Exactly Paulo, I'm just concerned that Ady is being taken in by the looks rather than what is beneath! Not that any bloke has ever been led astray by physical attraction or anything .


----------



## LondonDragon (5 Mar 2013)

LancsRick said:


> Exactly Paulo, I'm just concerned that Ady is being taken in by the looks rather than what is beneath! Not that any bloke has ever been led astray by physical attraction or anything .


Ady by asking what is iOS just proved he is better off with an Apple  (no offence Ady lol)


----------



## LancsRick (5 Mar 2013)

We're going to derail the thread if we keep this up . I'd argue that he's unlikely to be held back by moving to Apple, but it still leaves the hardware cost and potential software re-purchasing cost points in situ!

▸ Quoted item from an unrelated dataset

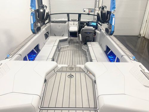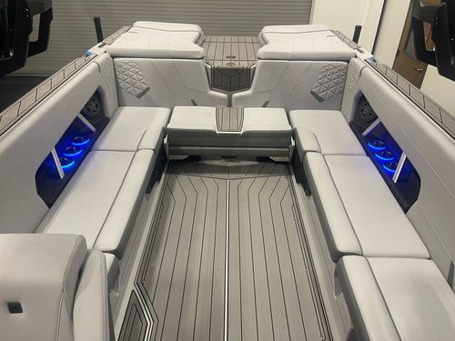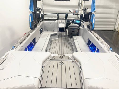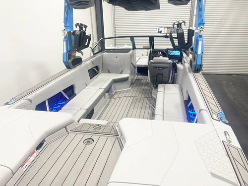 Providing massive interior space for friends, family and gear, the GS24 is the largest multi-sport towboat in the Nautique line. At 24-feet, this beautifully appointed waterski, wakesurf and wakeboard boat can outperform any other multi-sport boat in its class, delivering incredible performance at the touch of a button. Want to please anyone who comes aboard? The GS24 can do just that with its 2,500 pounds of integrated internal ballast, Ski Assist feature and h
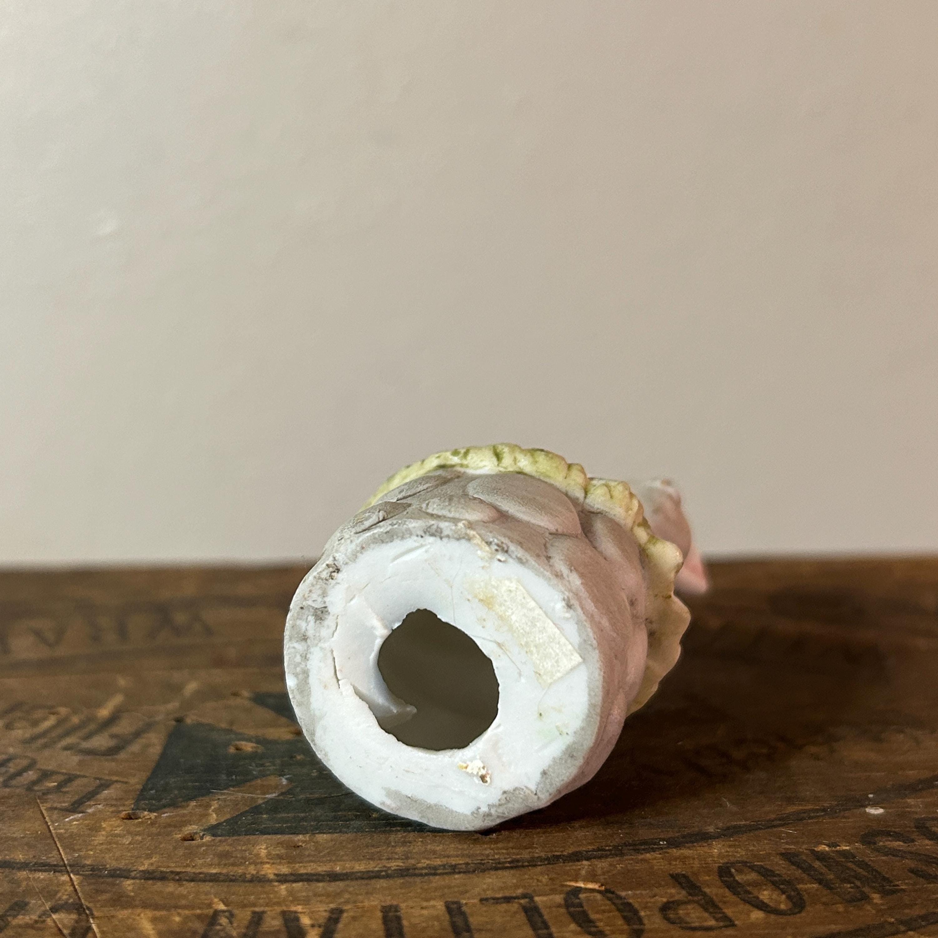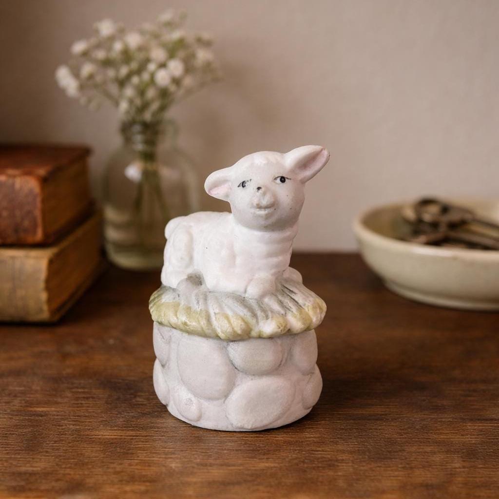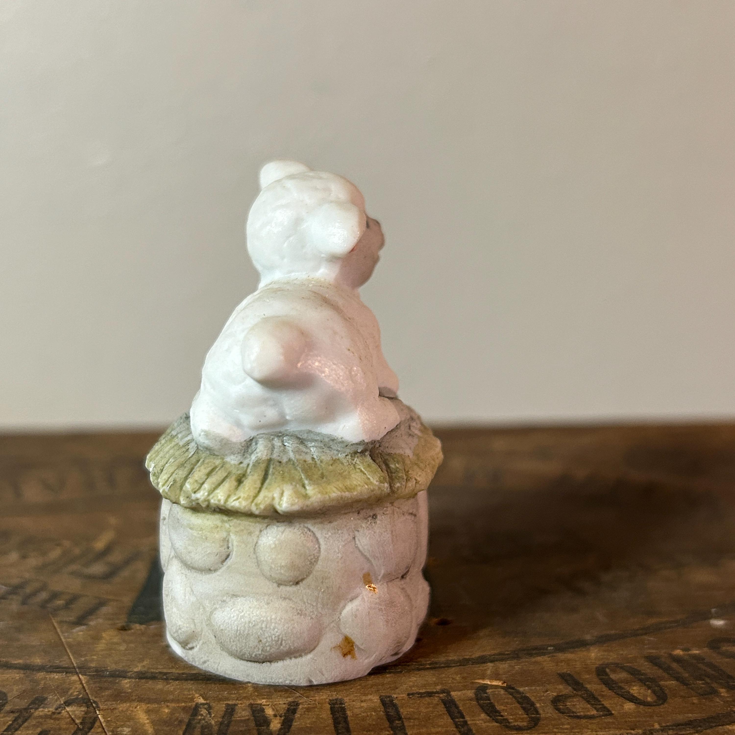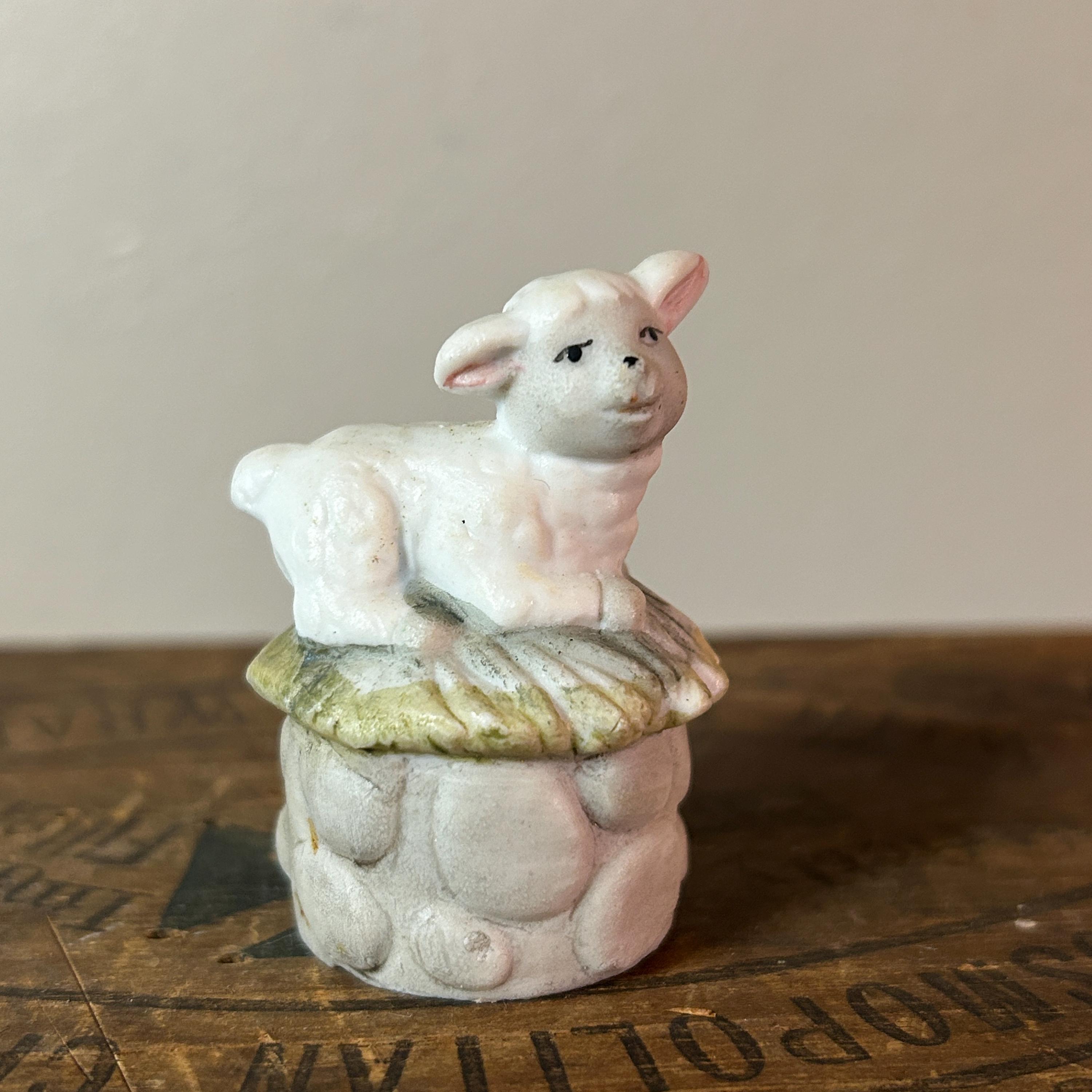 This tiny little lamb sits on a bed of grass and a stone wall. He has a matte porcelain finish. Measures 2" X 1 1/2". He is in excellent condition with no chips or cracks. Very clean.

I understand PC's, it's tanks I struggle with... Like the algae tank I have next to my bed. There's not even a way to overclock it .


----------



## LondonDragon (5 Mar 2013)

LancsRick said:


> There's not even a way to overclock it .


You have with the light, hence all the algae


----------



## Ady34 (5 Mar 2013)

LancsRick said:


> I'm not sure where you have got the idea about a longer estimated lifespan though


...from Richard, the salesman of course 


LancsRick said:


> The other point to be aware of is that Windows software won't necessarily run on a Mac. For example, if you own Microsoft Office, you're going to have to go and buy that again, because it's a different product for Mac. If your family plays games, same again.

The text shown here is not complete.